On-orbit identifying the inertia parameters of space robotic systems using simple equivalent dynamics

After being launched into space to perform some tasks, the inertia parameters of a space robotic system may change due to fuel consumption, hardware reconfiguration, target capturing, and so on. For precision control and simulation, it is required to identify these parameters on orbit. This paper proposes an effective method for identifying the complete inertia parameters (including the mass, inertia tensor and center of mass position) of a space robotic system. The key to the method is to identify two types of simple dynamics systems: equivalent single-body and two-body systems.
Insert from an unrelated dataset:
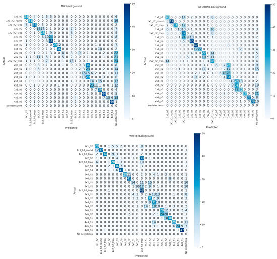 The results of all of the main research experiments are presented in Table 6. In Figure 7 the confusion matrices of the best model on three different backgrounds are presented. As one can see, the smallest number of correct detections was on the mixed background (497). Using this background, two details were not detected at all and were recognized as different construction details. Furthermore, in this case, many details were not assigned to any classes at all, which shows that details merge in the mixed background. On the neutral background, the number of correct detections is larger (562), though the same construction detail as in the case of the mixed background was nevertheless recognized incorrectly. All of the details have been correctly recognized on the white background at least once. On a white background, the number of correct detections is largest (595), therefore in this case, 54% of the construction details were recognized correctly.

For the former, all of the joints are locked into a designed configuration and the thrusters are used for orbital maneuvering. The object function for optimization is defined in terms of acceleration and velocity of the equivalent single body. For the latter, only one joint is unlocked and driven to move along a planned (exiting) trajectory in free-floating mode. The object function is defined based on the linear and angular momentum equations. Then, the parameter identification problems are transformed into non-linear optimization problems. The Particle Swarm Optimization (PSO) algorithm is applied to determine the optimal parameters, i.e. the complete dynamic parameters of the two equivalent systems. By sequentially unlocking the 1st to nth joints (or unlocking the nth to 1st joints), the mass properties of body 0 to n (or n to 0) are completely identified. For the proposed method, only simple dynamics equations are needed for identification. The excitation motion (orbit maneuvering and joint motion) is also easily realized. Moreover, the method does not require prior knowledge of the mass properties of any body. It is general and practical for identifying a space robotic system on-orbit.